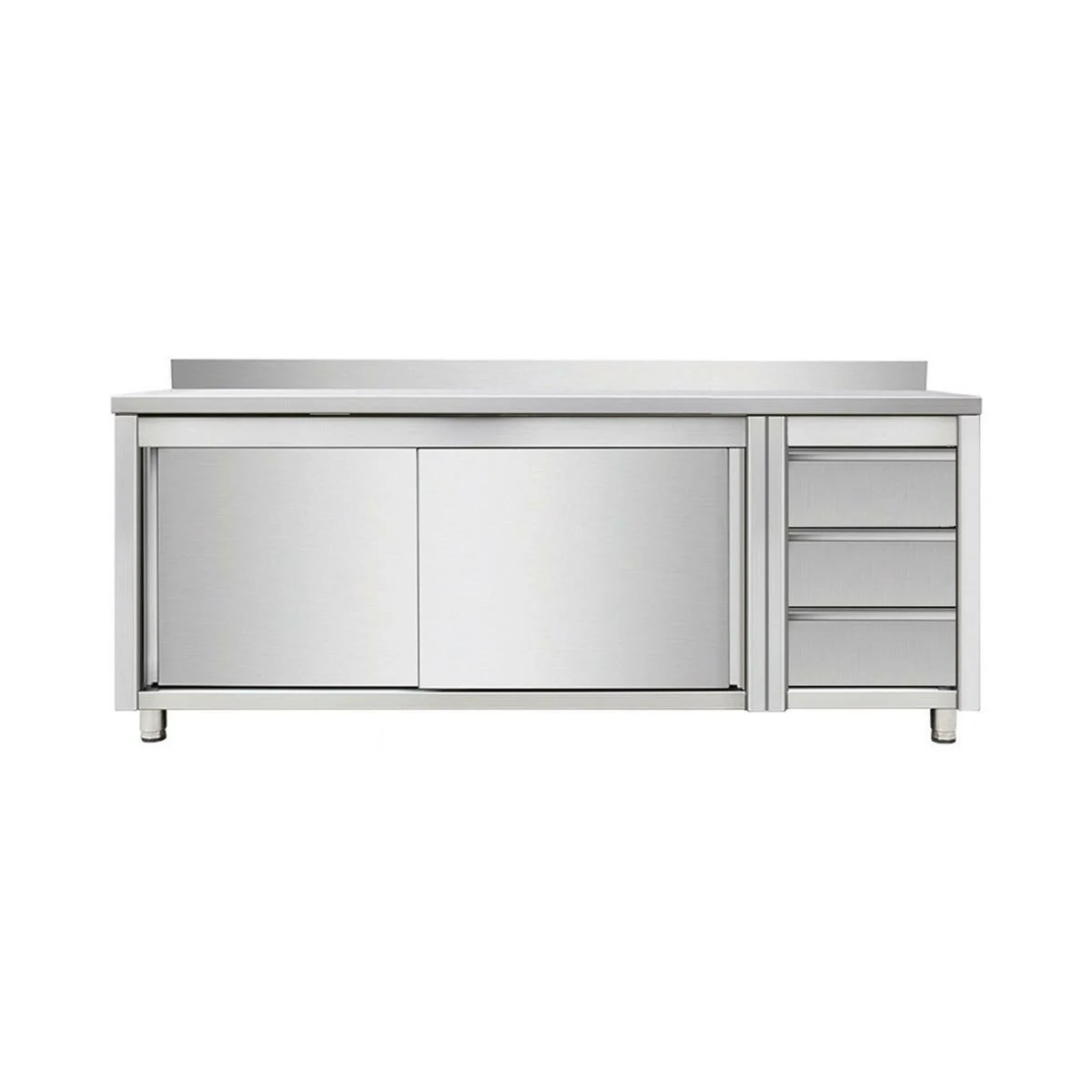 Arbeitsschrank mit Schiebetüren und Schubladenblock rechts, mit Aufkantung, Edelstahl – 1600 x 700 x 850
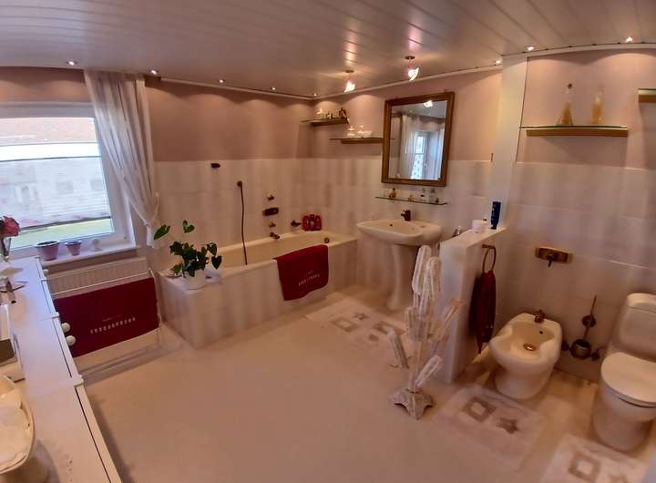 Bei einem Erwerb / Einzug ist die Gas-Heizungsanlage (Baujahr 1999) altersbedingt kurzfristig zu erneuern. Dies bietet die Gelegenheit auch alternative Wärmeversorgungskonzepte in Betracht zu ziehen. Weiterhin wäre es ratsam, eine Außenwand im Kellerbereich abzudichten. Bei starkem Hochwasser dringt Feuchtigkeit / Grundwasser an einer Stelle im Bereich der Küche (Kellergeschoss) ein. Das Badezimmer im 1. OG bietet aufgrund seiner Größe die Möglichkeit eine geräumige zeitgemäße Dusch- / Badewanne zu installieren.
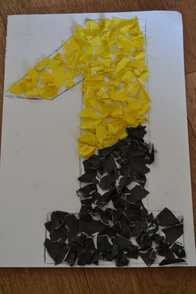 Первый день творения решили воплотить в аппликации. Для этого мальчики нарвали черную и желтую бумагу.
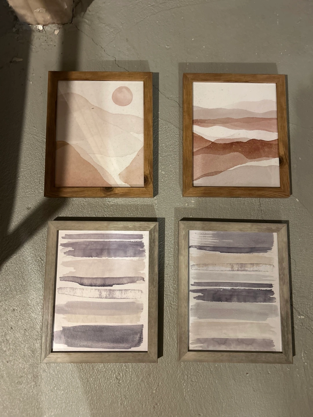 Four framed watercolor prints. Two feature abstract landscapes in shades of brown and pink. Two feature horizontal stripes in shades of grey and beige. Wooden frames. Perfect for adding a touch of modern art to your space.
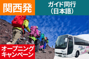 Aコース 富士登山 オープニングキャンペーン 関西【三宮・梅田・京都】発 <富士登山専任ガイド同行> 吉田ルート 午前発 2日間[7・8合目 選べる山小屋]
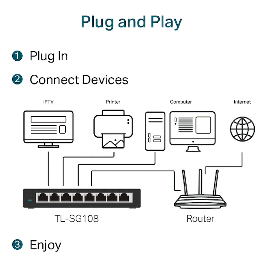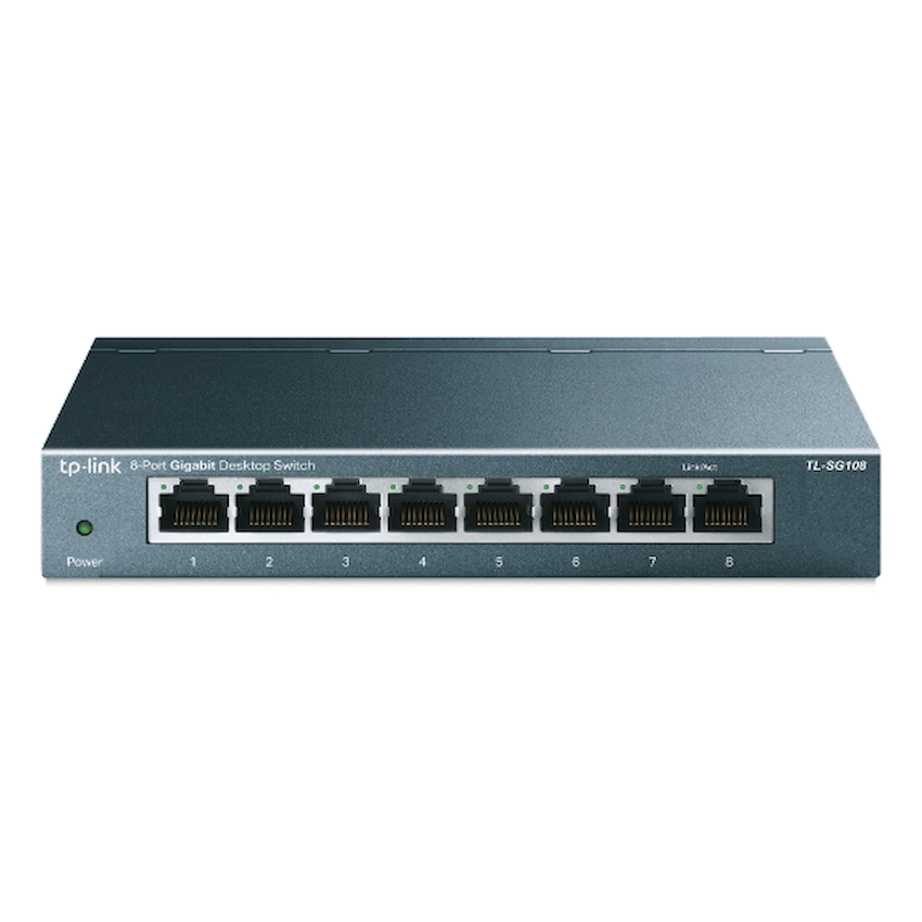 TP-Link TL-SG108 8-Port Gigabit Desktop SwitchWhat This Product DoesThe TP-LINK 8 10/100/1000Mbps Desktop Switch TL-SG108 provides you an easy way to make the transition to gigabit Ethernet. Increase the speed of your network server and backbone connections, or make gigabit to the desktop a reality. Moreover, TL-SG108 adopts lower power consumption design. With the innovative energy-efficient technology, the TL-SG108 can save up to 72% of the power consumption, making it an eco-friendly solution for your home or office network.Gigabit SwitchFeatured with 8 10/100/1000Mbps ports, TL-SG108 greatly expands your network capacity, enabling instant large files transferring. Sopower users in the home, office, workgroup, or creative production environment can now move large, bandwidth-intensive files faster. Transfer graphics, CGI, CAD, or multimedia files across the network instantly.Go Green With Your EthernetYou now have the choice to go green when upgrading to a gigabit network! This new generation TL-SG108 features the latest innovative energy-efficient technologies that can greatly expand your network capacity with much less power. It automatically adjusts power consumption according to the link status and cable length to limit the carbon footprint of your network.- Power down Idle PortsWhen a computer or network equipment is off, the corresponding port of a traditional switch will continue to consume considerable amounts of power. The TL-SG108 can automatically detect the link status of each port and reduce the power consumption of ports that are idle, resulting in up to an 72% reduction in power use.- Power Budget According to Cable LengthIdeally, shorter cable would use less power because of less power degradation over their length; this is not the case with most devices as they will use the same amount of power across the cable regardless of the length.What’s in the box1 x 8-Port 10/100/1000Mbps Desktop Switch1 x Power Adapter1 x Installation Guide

- - -

▸ Problem description
The result should be an exact copy of only the lines above from the one that holds "Bei einem Erwerb" through the one that holds "Aコース 富士登山 オープニングキャンペーン", both ends included, without pictures.

▸ Response to the exercise
 Bei einem Erwerb / Einzug ist die Gas-Heizungsanlage (Baujahr 1999) altersbedingt kurzfristig zu erneuern. Dies bietet die Gelegenheit auch alternative Wärmeversorgungskonzepte in Betracht zu ziehen. Weiterhin wäre es ratsam, eine Außenwand im Kellerbereich abzudichten. Bei starkem Hochwasser dringt Feuchtigkeit / Grundwasser an einer Stelle im Bereich der Küche (Kellergeschoss) ein. Das Badezimmer im 1. OG bietet aufgrund seiner Größe die Möglichkeit eine geräumige zeitgemäße Dusch- / Badewanne zu installieren.
 Первый день творения решили воплотить в аппликации. Для этого мальчики нарвали черную и желтую бумагу.
 Four framed watercolor prints. Two feature abstract landscapes in shades of brown and pink. Two feature horizontal stripes in shades of grey and beige. Wooden frames. Perfect for adding a touch of modern art to your space.
 Aコース 富士登山 オープニングキャンペーン 関西【三宮・梅田・京都】発 <富士登山専任ガイド同行> 吉田ルート 午前発 2日間[7・8合目 選べる山小屋]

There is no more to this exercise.